The characteristics of the enrolled patients were summarized in Table 1. Compared with the control group, the body mass index, sleepiness score, AHI, the time ratio of oxygen saturation below 90% (SIT90), longest apnea time, oxygen depletion index (ODI), percentage of N1 + N2 sleep stage, and micro-arousal index were higher in the OSA group, whereas the MoCA score, lowest oxygen saturation, mean oxygen saturation, sleep efficiency, and percentage of N3 sleep stage and rapid eye movement (REM) sleep stage were lower in the OSA group.

Table 1. Characteristics of enrolled subjects.

sTREM2 Level

We compared sTREM2 levels between the control and OSA groups after adjusting body mass index. The results showed that the level of sTREM2 in the OSA group was higher than that in the control group (Figure 2).

Figure 2. The sTREM2 level in control group and OSA group. The comparison was evaluated by covariance analysis; a, compared with the control group, p < 0.05. OSA, obstructive sleep apnea; sTREM2, soluble triggering receptor expressed on myeloid cells 2.

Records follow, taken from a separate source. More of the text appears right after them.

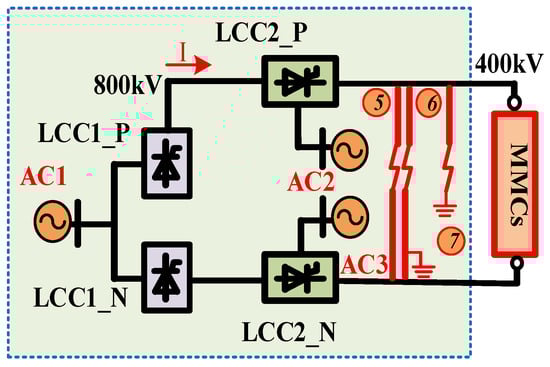 - DC fault 2: This asymmetrical DC fault is the internal fault occurring between the two LCCs. This DC fault 2 is a line-to-line DC fault with grounding. Figure 4 demonstrates that, during an asymmetrical DC internal line-to-line short-circuit fault, the impact on the ground is similar, with little difference, as confirmed by the subsequent simulation results. A minimal disparity in the increase in current is observed when comparing this fault with line-to-line DC faults with the ground.
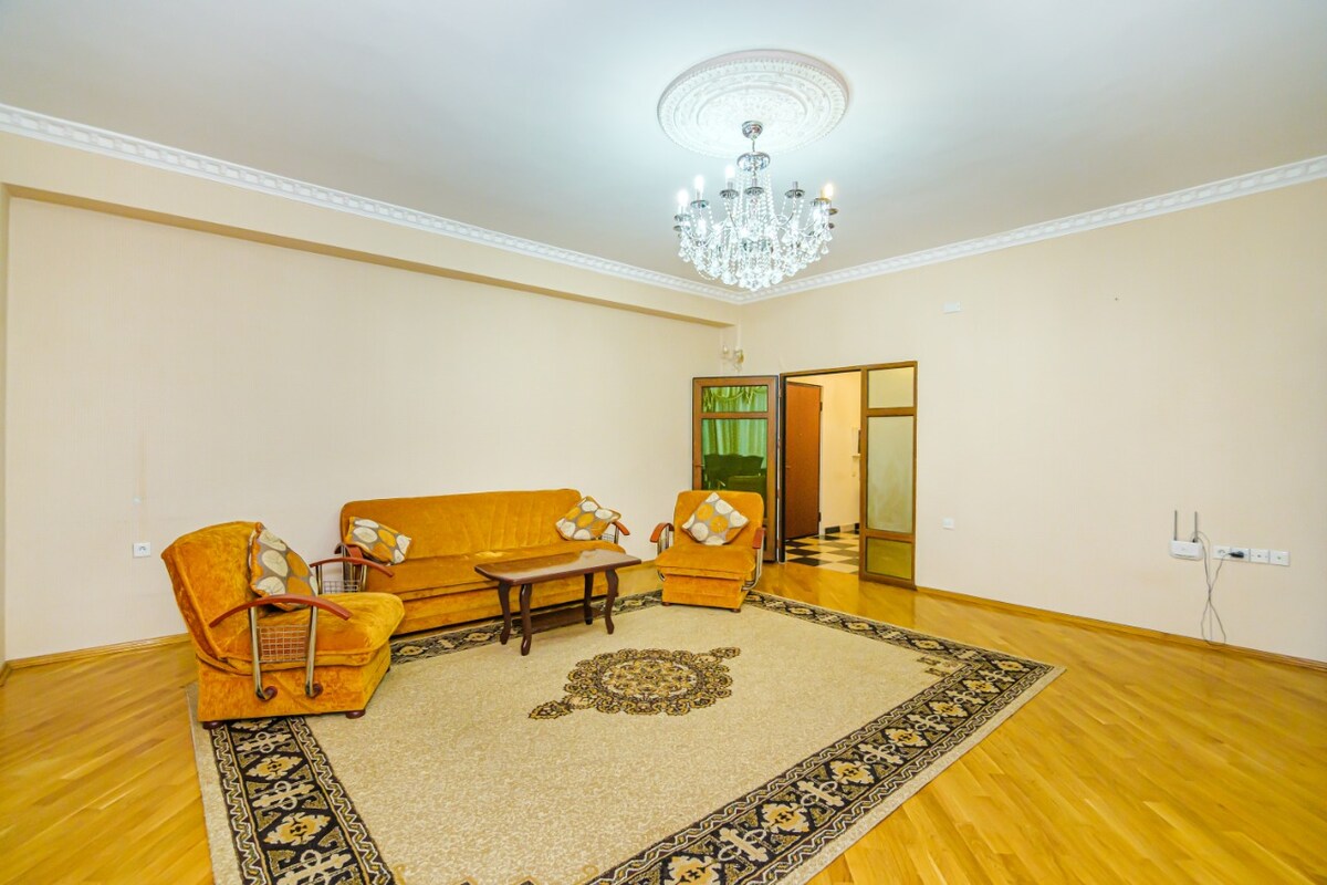 在市中心,二樓, 2個陽臺(每個房間都有陽臺) ,步行3分鐘即可抵達大道和巴庫港和新月商場,毗鄰5月28日地鐵和28個商場和土地標誌,高天花板4公尺,隔音,每個房間都有空調和暖氣Combi ,公寓配備您所需的一切:洗衣機、冰箱、瓦斯爐、微波爐、智慧電視+ 240個有線頻道和高速網路: CityNet、4G和5G Wifi。 附近有24小時市場和藥店
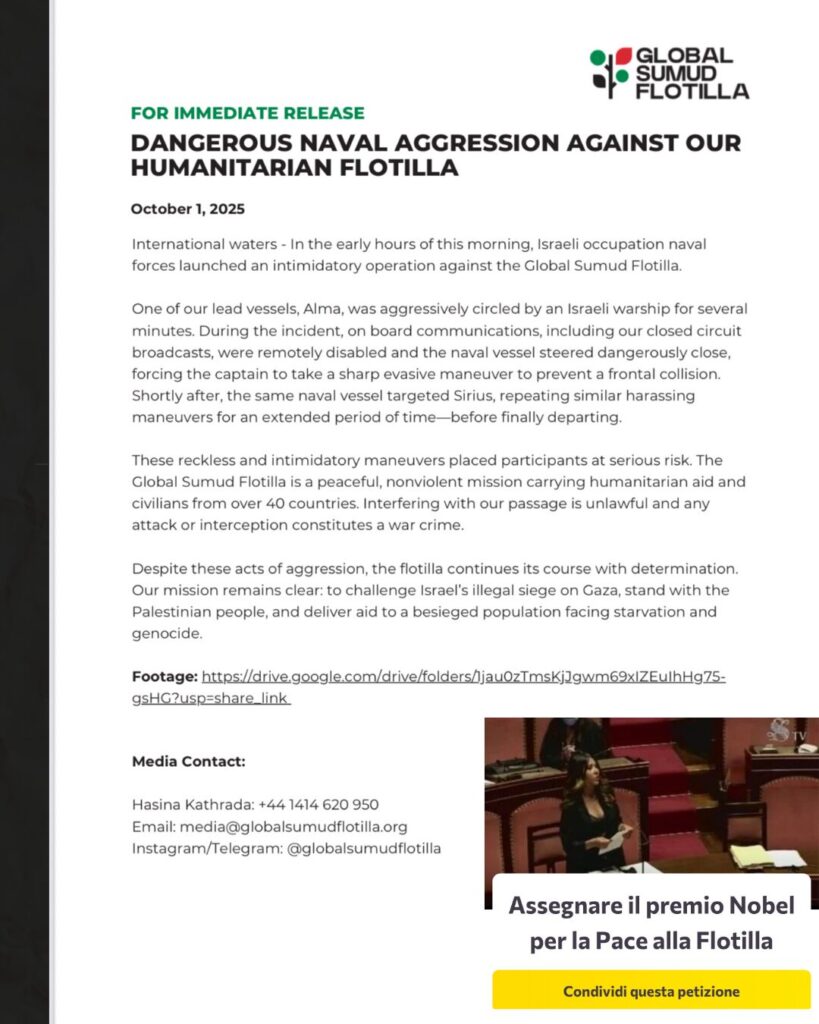 Acque internazionali – Nelle prime ore di questa mattina, le forze navali dell’occupazione israeliana hanno lanciato un’operazione intimidatoria contro la Flotilla Global Sumud. Una delle nostre navi di punta, Alma, è stata aggirata aggressivamente da una nave da guerra israeliana per diversi minuti. Durante l’incidente, le comunicazioni a bordo, inclusi i nostri servizi di trasmissione a circuito chiuso, sono state disabilitate a distanza e la nave da guerra si è avvicinata pericolosamente, costringendo il capitano a effettuare una brusca manovra evasiva per evitare una collisione frontale. Poco dopo, la stessa nave da guerra ha preso di mira Sirius, ripetendo manovre di molestia simili per un periodo di tempo prolungato prima di allontanarsi definitivamente.Queste manovre sconsiderate e intimidatorie hanno posto i partecipanti a serio rischio. La Flotilla Global Sumud è una missione pacifica e non violenta che trasporta aiuti umanitari e civili provenienti da oltre 40 paesi. Interferire con il nostro passaggio è illegale e qualsiasi attacco o intercettazione costituisce un crimine di guerra.Nonostante questi atti di aggressione, la flotilla continua il suo percorso con determinazione. La nostra missione rimane chiara: sfidare l’assedio illegale di Israele su Gaza, stare al fianco del popolo palestinese e fornire aiuti a una popolazione assediata che affronta fame e genocidio.

Influencing Factors of sTREM2 Level in OSA Patients

To further analyze the factors influencing sTREM2 levels in patients with OSA, we performed univariate linear regression on serum sTREM2 and various factors. The results showed that MoCA, AHI, ODI, and micro-arousal index were associated with the level of serum sTREM2 in OSA patients. The results are summarized in Table 2.

Table 2. The results of univariate linear regression analysis.

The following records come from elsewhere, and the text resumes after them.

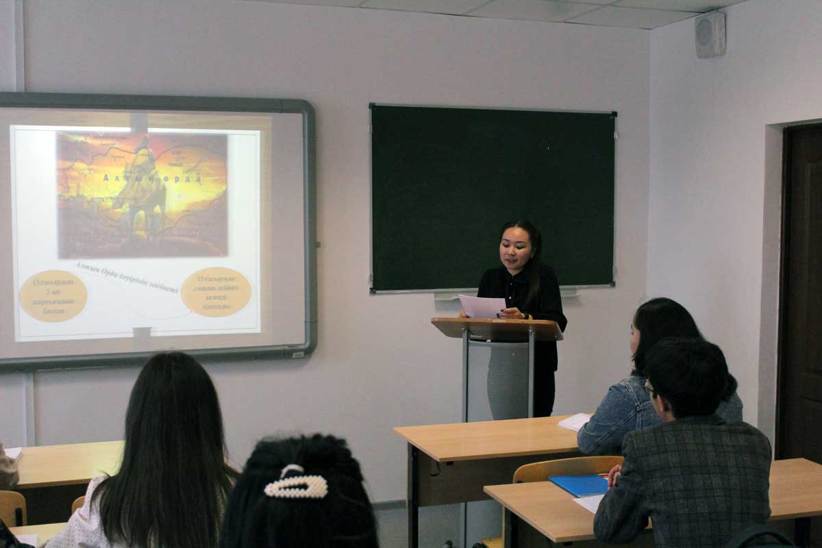 26 февраля 2020 года кафедра казахской и русской филологии провела конкурс написания научно-исследовательских работ на тему «Хиссы-эпосы в литературе эпохи Золотой Орды». На мероприятие, организованное среди первых и четвертых курсов, поступило 9 работ. Участники защитили проекты, высказали свои обосновательные и значимые мнения. Были награждены лучшие работы.
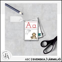 Väggalfabet med tecken som stöd. A4 och mindre småkort ingår att använda på t.ex. en nyckelring.
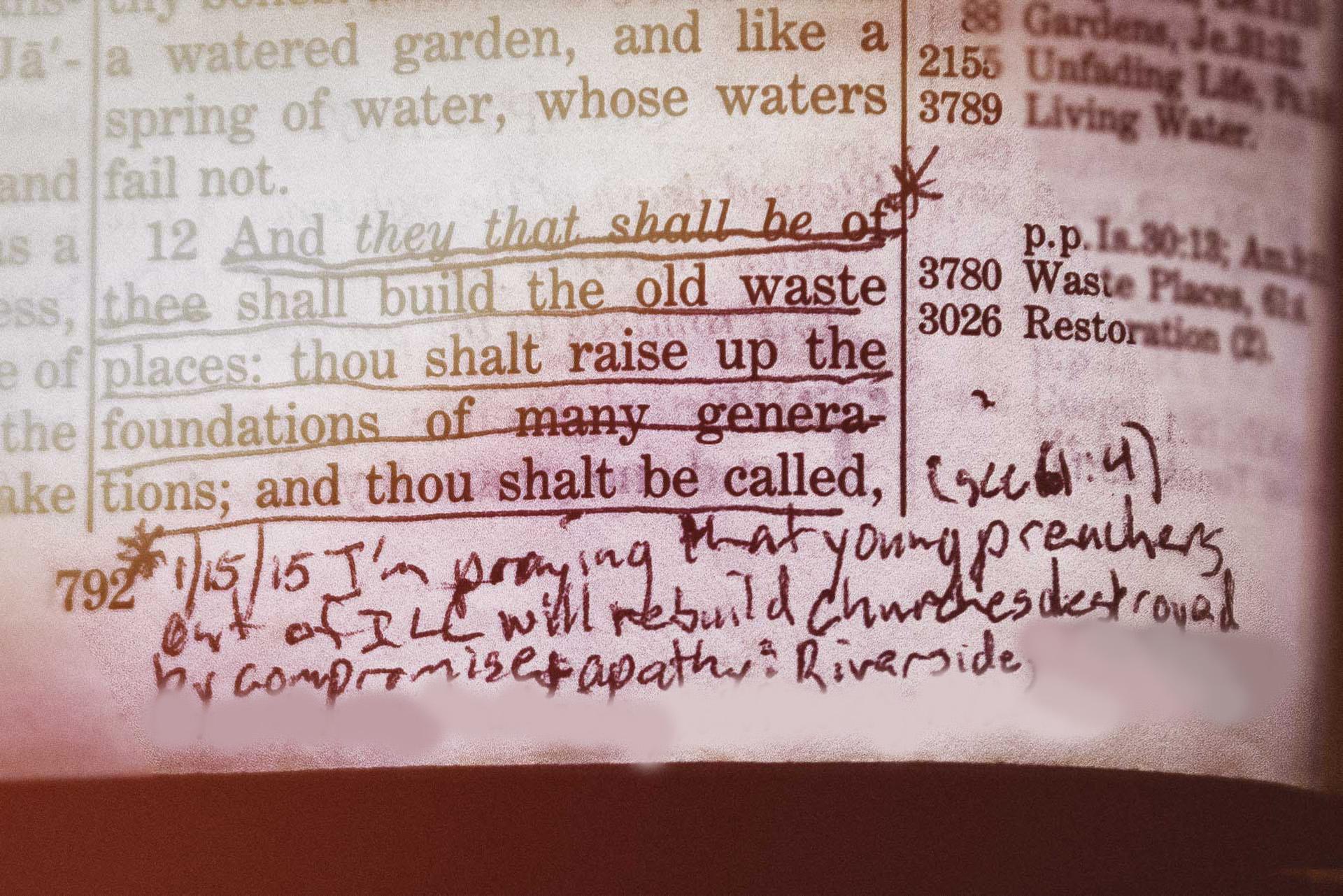 The ILC Riverside campus started with the prayer & desire of Pastor Joel Booker (ILC Rialto). On January 15, 2015, Pastor Booker wrote a note in his Bible next to Isaiah 58:12 asking God to rebuild old, dead churches like the great Apostolic church that was once in Riverside.

Second, stepwise multivariate linear regression analysis was performed with the level of sTREM2 included as a dependent variable, and the level of MoCA score, AHI, ODI, and micro-arousal index were included as independent variables. The results showed that sTREM2 levels in OSA patients were affected by the MoCA score and ODI (Table 3). OSA patients with lower MoCA scores and higher ODI levels were more likely to have high serum sTEM2 levels. There was no multicollinearity among the factors.

Table 3. The results of multiple linear regression analysis.

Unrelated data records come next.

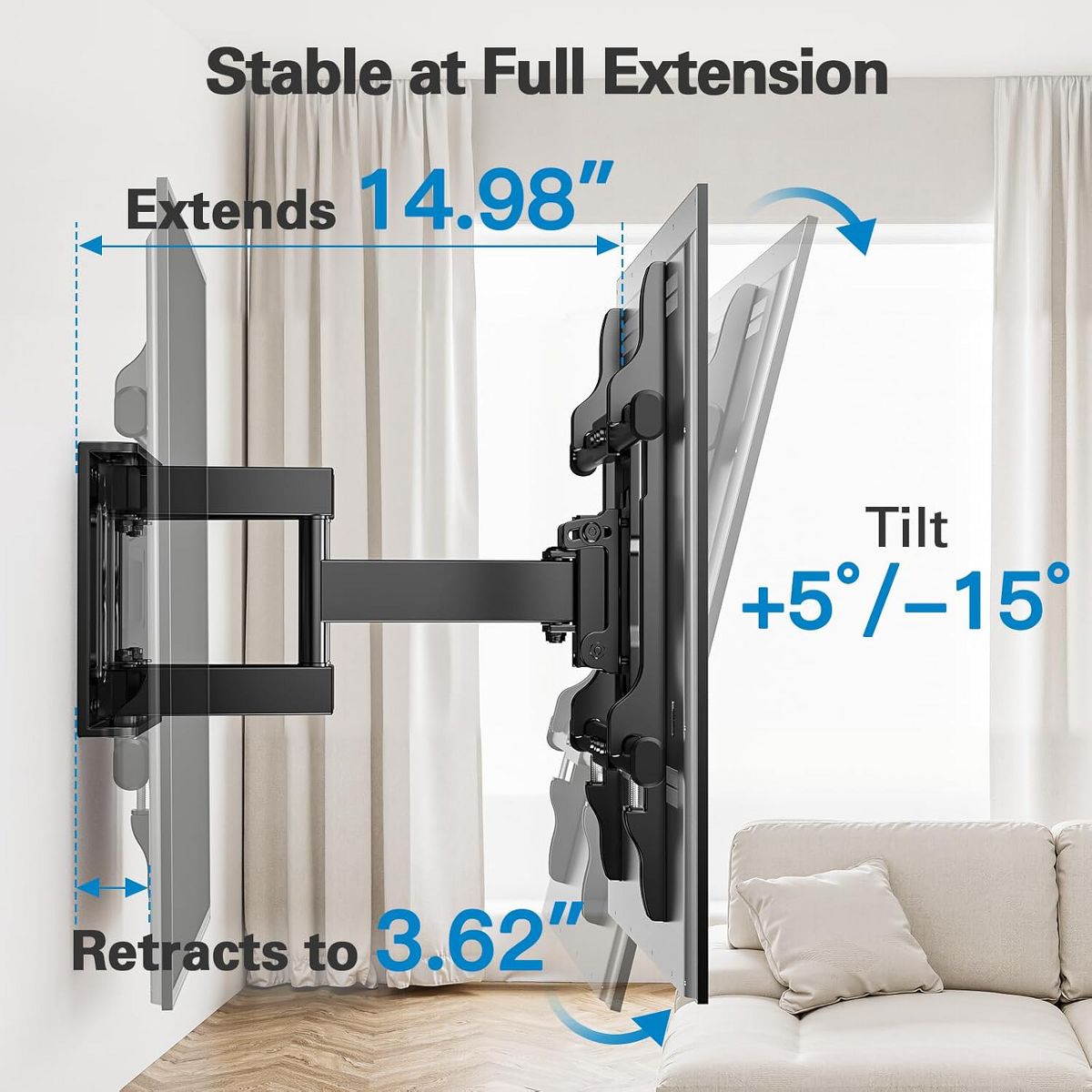 PERLESMITH Full Motion TV Wall Mount for 37-75 Inch TVs up to 132 lbs, TV Mount with Swivel Articulating Arm, Tool-Free Tilt, Max Vesa 600x400mm
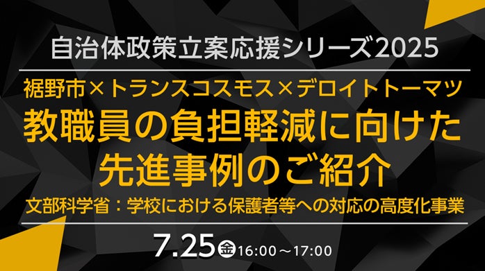 トランスコスモスは、オンラインセミナー【自治体政策立案応援シリーズ2025】教職員の負担軽減に向けた先進事例のご紹介 文部科学省:学校における保護者等への対応の高度化事業を7月25日(金)に開催します。
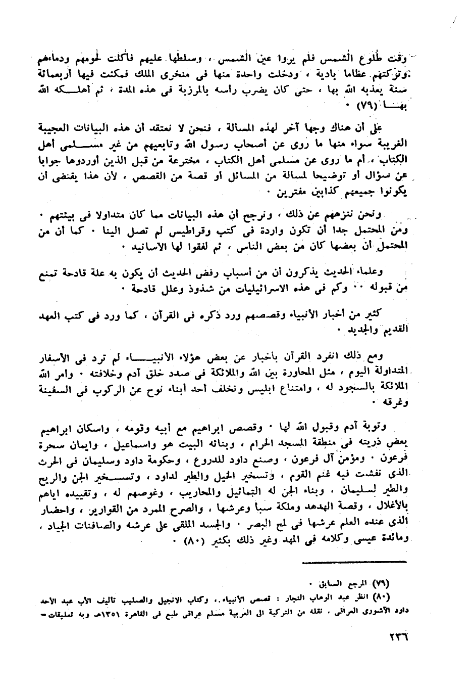 (80) انظر عبد الوهاب النجار: قصص الأنبياء، وكتاب الإنجيل والصليب تأليف الأب عبد الأحد داود الآشورى العراقي، نقله من التركية الى العربية مسلم عراقي طبع فى القاهرة 1351 هـ وبه تعليقات-

Predictive Value of sTREM2 for MCI of OSA Patients

The MoCA score is a useful tool with high sensitivity and specificity for MCI detection (Ciesielska et al., 2016). As the serum sTREM2 level in OSA patients was associated with the MoCA score, we further analyzed the value of serum sTREM2 to detect subjects with MCI among OSA patients based on the MoCA score (MoCA score range 17–26 was considered as MCI) (Nasreddine et al., 2005). The serum sTREM2 level was higher in OSA patients with MCI (Figure 3A, p < 0.01), and the receiver operating characteristic curve showed the area under the curve was 0.70 (95%CI: 0.58–0.81), the sensitivity was 64.62%, and the specificity was 68.97% (Figure 3B), with a cutoff value of serum sTREM2 >18,437 pg/ml. These results suggest that serum sTREM2 may have potential as a biomarker for MCI in patients with OSA.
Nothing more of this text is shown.